Musk was short to tweet he would be keen to contribute whichever amount was necessary if Beasley explained on the same thread how the $6 billion would be spent.

Response

"If the WFP can describe in this Twitter thread exactly how $6 billion will solve world hunger, I will sell Tesla shares right now and do it," Musk tweeted, not without warning that “it must be open source accounting,” so that the public can see precisely how the money is being spent.

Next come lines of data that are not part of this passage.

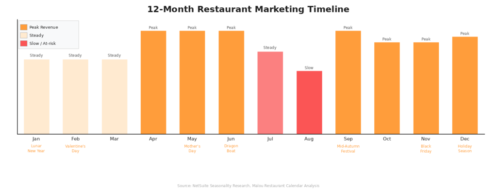 For Chinese restaurants in New York, the cultural calendar adds a layer of anchor dates that most competitors don’t have: Lunar New Year (late Jan/early Feb), Mid-Autumn Festival (September/October), Dragon Boat Festival (June), and Qingming. These are occasions when your target audience specifically wants the food you serve, often for a celebratory group meal. They should be your highest-priority marketing moments.
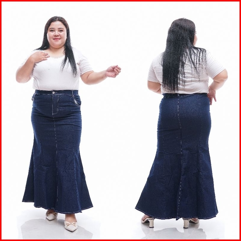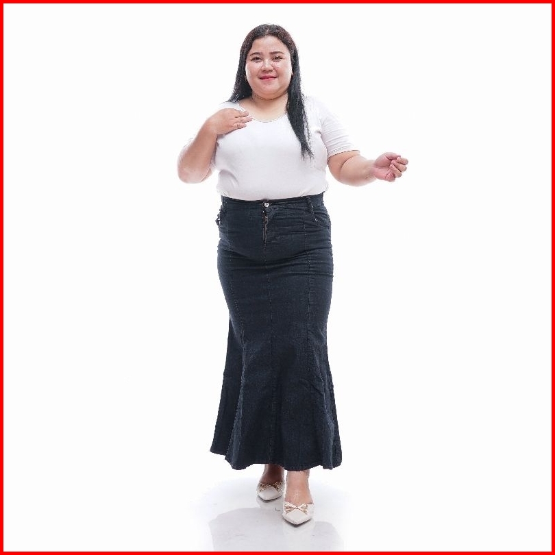Rok Jeans Mermaid Skirt Midi Jumbo Model Duyung Kasual Karet Street
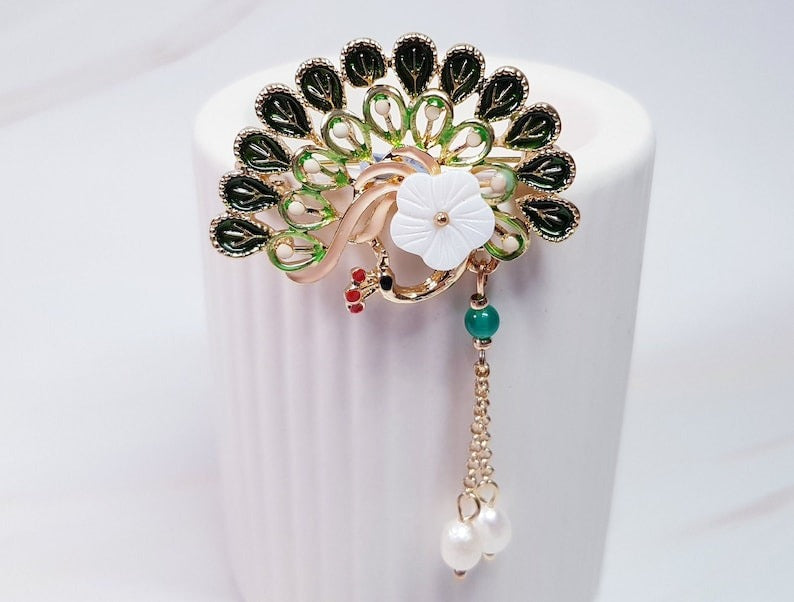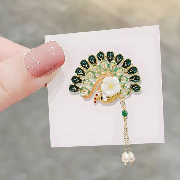 Indulge in the regal allure of the Glamorous Peacock Pearl Tassel Pin Brooch, an exquisite accessory that embodies the lavish elegance of a peacock's vibrant plumage. This opulent brooch features lustrous peacock pearls intricately arranged alongside delicate tassels, reminiscent of the majestic feathers of a peacock's tail. The meticulous craftsmanship and iridescent shimmer of the pearls evoke an aura of sophistication and luxury. Whether adorning lapels, shawls, or evening gowns, this brooch adds a touch of ornate glamour, elevating your ensemble with its captivating allure.
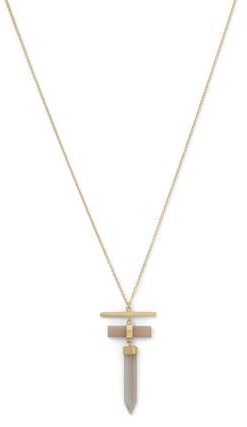 14 Karat Gold Plated Pencil Cut Gray Moonstone Drop Necklace
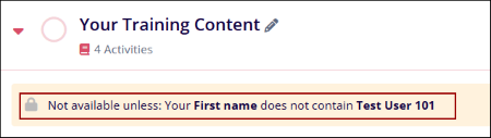 Result: The course section will display a message stating that the course won’t be available for users unless the test word is in their first name.

According to the Bloomberg Billionaires Index, Elon Musk's net worth is estimated at $311 billion, so $6 billion would correspond to 2% of his fortune.

Shortly after the “billionaires tax” proposal announcement by Congressional Democrats, Musk had asserted that the roughly $50 billion he would have to pay would be better spent fueling his mission to Mars, Fortune reports.

The WFP data shows that the number of people at high risk of starvation doubled during COVID-19, as the wealth of the world’s biggest billionaires grew significantly.

Tesla is part of the Entrepreneur Index, which tracks 60 of the largest publicly traded companies managed by their founders or their founders' families.